Similarly, an increase in vibrational frequency can indicate a
decrease in mass, and thus, a decrease in binding to the sensitive
film, which is indicative of the absence and/or decrease of a
target molecule. As noted above, an array of vibration detecting
units can be used to detect more than one target and/or detect
various concentrations of a target molecule.
[0046] One skilled in the art will appreciate that, for this and
other processes and methods disclosed herein, the functions
performed in the processes and methods may be implemented in
differing order. Furthermore, the outlined steps and operations are
only provided as examples, and some of the steps and operations may
be optional, combined into fewer steps and operations, or expanded
into additional steps and operations without detracting from the
essence of the disclosed embodiments.
[0047] The sensor device can be used in any suitable environment.
In some embodiments, the sensor device can be used under vacuum. In
some embodiments, the method and/or device can be employed with a
fluid, such as a gas or a liquid.
[0048] In some embodiments, a sample can be provided to the sensor
device by bringing the sample to a surface of the sensitive film.
In some embodiments, the sample is flowed across a surface of the
sensitive film. In some embodiments, the sample is placed on the
sensitive film, allowed to sit and then removed. In some
embodiments a brief washing process can be performed between the
application of the sample to the surface of the sensitive film to
the measuring of a change in vibrational frequency. This can allow
for one to reduce any effect of nonspecific binding.
[0049] In some embodiments, the change in vibrational frequency is
determined while a sample is being moved across a surface of the
sensitive film. In such arrangements, the background vibrational
frequency can take into account the impact of the sample presence
and/or movement on the vibrational frequency. In some embodiments,
the change in vibrational frequency is determined while there is no
sample movement across a surface of the sensitive film. In some
embodiments, the change in vibrational frequency is determined
while there is no sample on a surface of the sensitive film, and
thus, the sample is removed and any target detected is that which
remains after the removal of the bulk sample.
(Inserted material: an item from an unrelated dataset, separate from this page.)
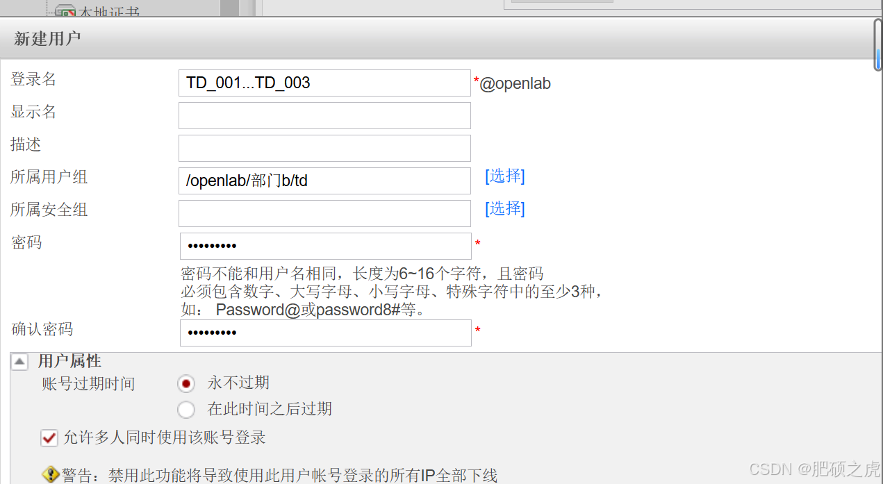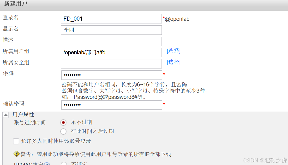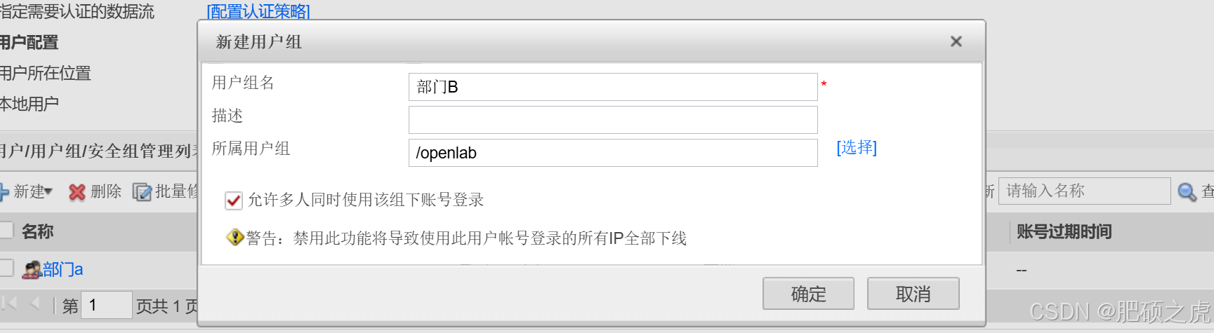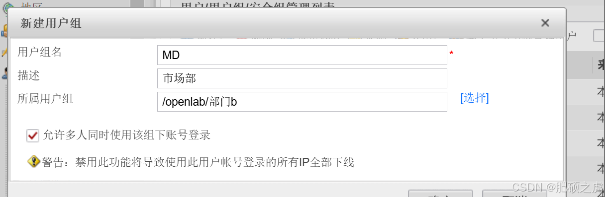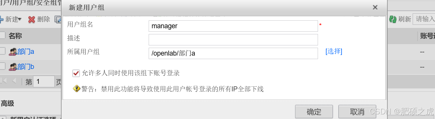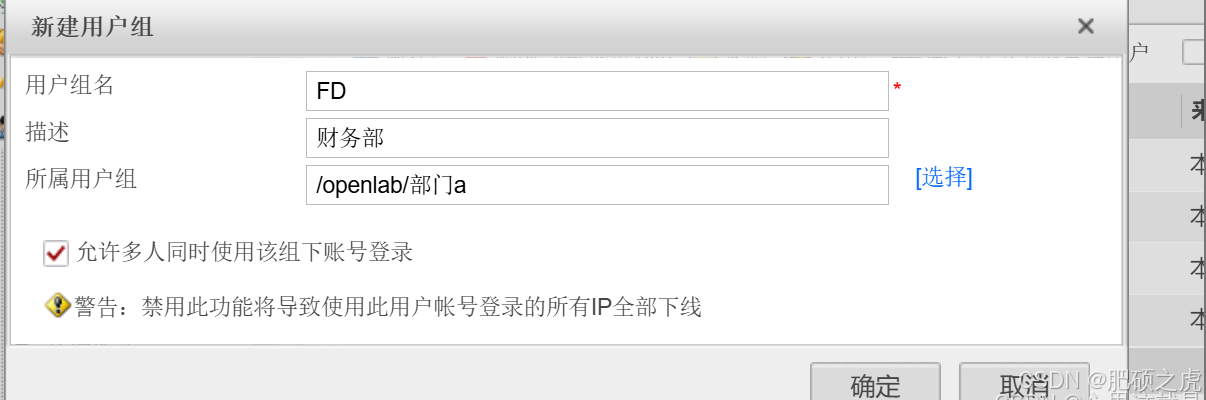 步骤2:创建用户组的信息:点开最上面的对象,在左边的服务里找到用户,在用户下面找到openlab,在里面编辑新建,新建用户组,根据要求创建部门A和B

[0050] In some embodiments, the device and/or method is maintained
at a consistent and/or constant temperature, as crystal oscillators
can be sensitive to changes in temperature. Thus, in some
embodiments, the method occurs at a similar temperature throughout
the method.
[0051] In some embodiments, the volume of the sample is at least
10.sup.-9, 10.sup.-8, 10.sup.-7, 10.sup.-6, 10.sup.-5, 10.sup.-4,
10.sup.-3, 10.sup.-2, 10.sup.-1, 1, 10, 10.sup.2, 10.sup.3,
10.sup.4, 10.sup.5, 10.sup.6 liters or more, including any range
above any one of the preceding values and any range between any two
of the preceding values. In some embodiments, any flow rate can be
used to apply the sample to the surface of the sensitive film. In
some embodiments, the flow rate of the sample is at least
10.sup.-9, 10.sup.-8, 10.sup.-7, 10.sup.-6, 10.sup.-5, 10.sup.-4,
10.sup.-3, 10.sup.-2, 10.sup.-1, 1, 10, 10.sup.2, 10.sup.3,
10.sup.4, 10.sup.5, 10.sup.6 liters/minute or more, including any
range above any one of the preceding values and any range between
any two of the preceding values.
[0052] In some embodiments, the sample can include one or more
target. In some embodiments the target can be any material capable
of interacting with the sensitive film. In some embodiments, the
target can be a gas component. In some embodiments, the target can
include at least one of ammonia, hydrogen, methane, hydrogen
sulfide, and/or carbon dioxide. In some embodiments, the target can
include at least one or more component of flatus odor, and thus be
used for a sensor of flatus odor. In some embodiments, the target
can include any component in a fluid-based diagnosis.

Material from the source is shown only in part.